Man that's a load of sh.. not only would we have given his money back but try to find him a bow to shoot hate for someone to have that happen to them


----------



## deerhunter7273 (Mar 22, 2010)

I would not have had a problem with the club if his bow would have broke out on the course, but are the practice bags before entering the course I think that it is a bunch of BS


----------



## bow-legged (Nov 26, 2002)

I would give him his money back. I hate to see someone not have a good time or have problems.


----------



## P&y only (Feb 26, 2009)

Absolutely ridiculous and certainly worthy of tossing there name on here with a big ole Thanks Guys!


----------



## 3Dblackncamo (Jul 22, 2009)

I would give his money back if he had shot 5 targets and his bow cracked a limb, I want people to come back and have agood time while you are there


----------



## Daniel Boone (May 31, 2002)

Thats really sad. Cant imigine what they are thinking.

DB


----------



## schmel_me (Dec 17, 2003)

I traveled to a shoot one time and the weather was kinda crappy that day. When we got there on the warm up range the sky just unloaded. We hung out inside for an hour and with no letup in sight we decided to go. They wouldnt give us a rain check or our money back they said our only option was to shoot the rain date. Which i couldnt make. Havent been back since. We are lucky to have some quality clubs around that appreciate their shooters.


----------



## deerhunter7273 (Mar 22, 2010)

I was not going to give the up the club name but i just called and talked to the K DOGG and he told me that they do not give refunds, He said it is just like they would not give you the money back for your arrows if you loss they out on the course. That is a butch of BS the Club is ASHLAND BOWMEN. If think that this is a butch of BS Please let everyone know and Do Not Go to this Club and Shoot.


----------



## bowtechog70 (Sep 14, 2005)

I could understand the club not being responsible for lost arrows. But a busted bow the ouabache archers in Indiana you will get a refund if you cant shoot the course. It only takes one person having a legit complaint about a club and that clubs attendence is going to suffer bad.


----------



## Logjamb (May 14, 2008)

Too bad for your budies bow. That can be fixed. Too bad for the clubs reputation. That can not be fixed.


----------



## Sweaver (Mar 12, 2011)

Under them circumstances I definitely think a refund is necessary. 


Hoyt CRX 35


----------



## LCA (Apr 20, 2009)

deerhunter7273 said:


> I was not going to give the up the club name but i just called and talked to the K DOGG and he told me that they do not give refunds, He said it is just like they would not give you the money back for your arrows if you loss they out on the course. That is a butch of BS the Club is ASHLAND BOWMEN. If think that this is a butch of BS Please let everyone know and Do Not Go to this Club and Shoot.

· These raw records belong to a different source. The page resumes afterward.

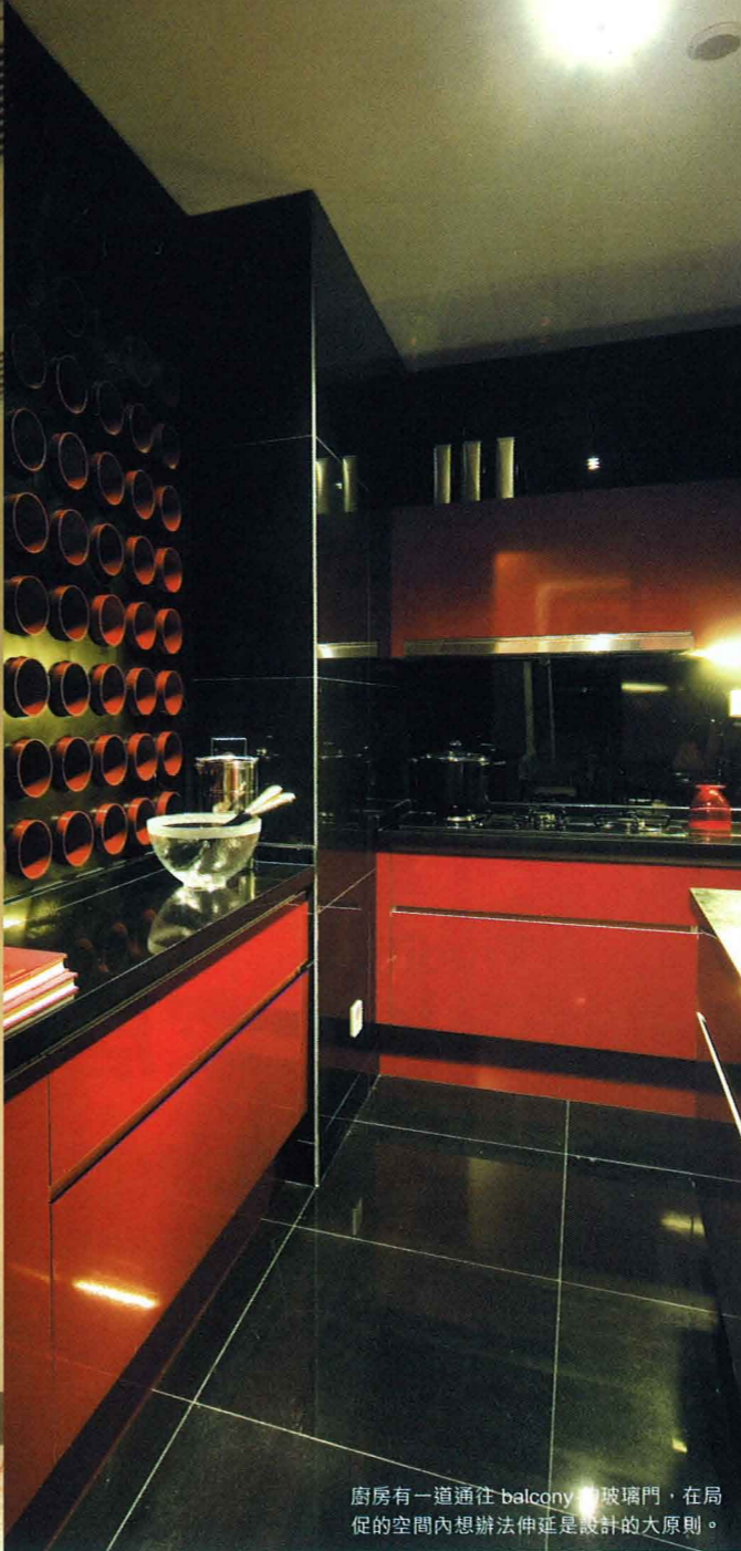
廚房有一道通往 balcony 的玻璃門，在局促的空間內想辦法伸延是設計的大原則。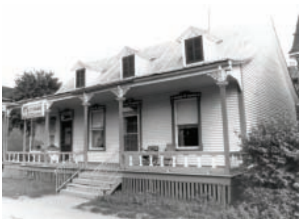
Résidence Joly-Vaillancourt, vers le milieu du XX e siècle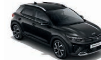
Auroraschwarz Met. (ABP)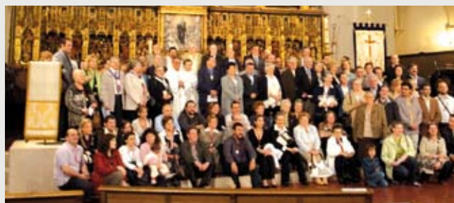
Año Santo Paulino. La Cofradía peregrino hasta la Iglesia de San Pablo para ganar el Jubileo.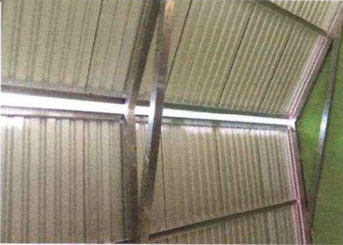
Foto1: Sustitución de lamina por lamina troquelada calibre 26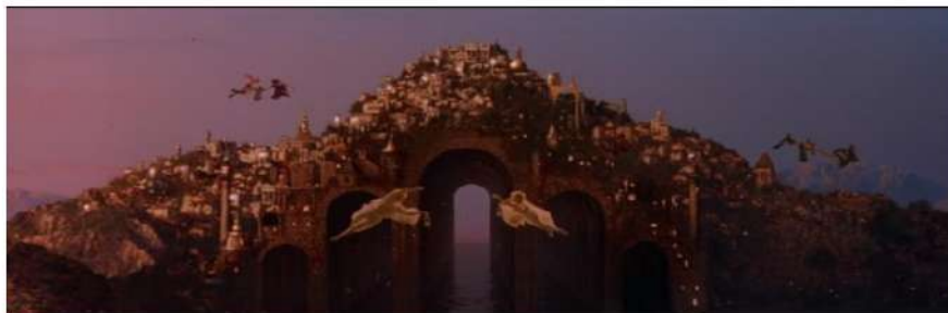
Figura 6 Visão do céu de Marie ao longe.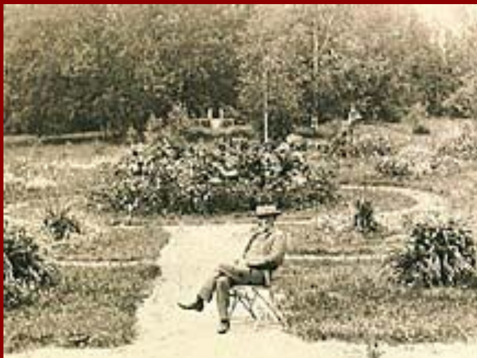
Петр Ильич Чайковский во Фроловском

Во второй половине 1880-х начинается дирижерская деятельность Чайковского — сначала в России, а потом за границей; в качестве исполнителя собственных произведений он посещает Германию, Австро-Венгрию, Францию, Англию, Швейцарию. Концертные поездки укрепили его творческие и дружеские связи с ведущими музыкантами эпохи, в том числе с Э. Григом, А. Дворжаком, Г. фон Бюловом. Зимы композитор проводит, как правило, за границей, лето — в основном на родине.

How is losing arrows while shooting even close to the same as your bow breaking and you cant even shoot the first target???


----------



## WDMJR3DBOWGUY (Dec 2, 2003)

I know that every club in my area would have. I've watched it happen. Shame on them for their greed.


----------



## Babyk (Jul 5, 2011)

Sounds like a load of crap


----------



## carlosii (Feb 25, 2007)

not refunding the money is bad enough, but to laugh about it compounds the sin. i'd monitor the club's leadership and if the dolts running it get replaced (which they should be) i'd give them a second chance...


----------



## loomis77 (Jan 30, 2011)

Personally, I would not of asked for my money back. I would of just considered it a donation to the club. But I guess thats just my easy goin' Aussie nature.


----------



## OHIOARCHER36 (Oct 12, 2010)

tell em they lost another 50 a month , got a group of 5 guys and we'll boycott . same situation here , buddy a few years back was 3 targets in and pulled back and ''crack'' . club was more willing to give money back then he was to take it they felt so bad . thats a load of crap . that 10 (or whatever cost is ) gonna cost em alot in the long run .


----------



## markb317 (Nov 18, 2009)

I went to a shoot in NE Ohio last year and had shot about 3 target when my elbow started hurting bad enough that I had to stop, on the way out I passed a club member and he ask what happened. I told him I could not finish and he called the entry stand and when I got back they came over to my car and gave me my entry fee back. This was a standup club, I never ask for a refund they just did it.


----------



## WhitBri (Jan 30, 2007)

I was going to say if you were at our club you wouldn't have had to ask for it, if the person running it that day would have heard what happened you would have got the money back and probably 3 guys trying to help you out phoning local shops trying to find new limbs and one jumping on AT trying to find used for you. People go to shoots for three reasons, The People, the targets and the range, in that order. Then to compare it to losing arrows on the range getting reimbursed that just doesn't make any sense.


----------



## bhtr3d (Feb 13, 2004)

WDMJR3DBOWGUY said:


> I know that every club in my area would have. I've watched it happen. Shame on them for their greed.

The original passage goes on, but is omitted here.